£1 million spent on policing for West Midlands football matches
More than £1 million was spent on matchday policing by top football clubs in the West Midlands last season, new figures have revealed.
The money received by West Midlands Police has been revealed under the Freedom of Information Act, and recently relegated Aston Villa racked up the heftiest bill at £324,400.
West Bromwich Albion were second among clubs in the region, paying out £232,900 for the 2015/16 campaign, while Birmingham City followed closely behind in third, spending £219,600.
Wolves spent £180,300, while League One sides Coventry City and Walsall paid bills of £54,000 and £45,800 respectively.
Wolves spokesman Josh Power said: "We have a very close working relationship with West Midlands Police. Each fixture is allocated a category by the Safety Advisory Group (SAG) which determines how much policing is required at a game.

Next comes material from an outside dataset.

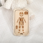 Zabawka została wykonana z drewna, co zapewnia jej trwałość i komfort użytkowania. To propozycja, która rośnie razem z dzieckiem – od prostego dopasowywania elementów po bardziej świadome poznawanie budowy ludzkiego ciała.

"Molineux continues to experience healthy attendances by home and away supporters which, by definition, requires more stewarding and, sometimes, policing costs."
Wolves fans have suffered bad press recently after they were branded one of the worst-behaved fans in the country for the 2014/15 season. Home Office statistics revealed 73 supporters were arrested and 22 banning orders were dished out. Only Manchester United and Leeds United had worse records.
The most notable incident involving Albion fans was in March, when a 17-year-old supporter was arrested after throwing a coin at Chris Brunt following an FA Cup clash at Reading.
Martin Swain, spokesman for Albion, said: "Security will remain a high priority at all matches at The Hawthorns and we continue to work very closely with police to determine the level of policing at all fixtures."
Birmingham City spokesman Colin Tattun, said: "The level of policing depends on a variety of factors such as numbers attending, police intelligence and past history. Consequently the costs of policing can vary season by season."
Walsall, Villa, and Coventry City failed to comment on the figures.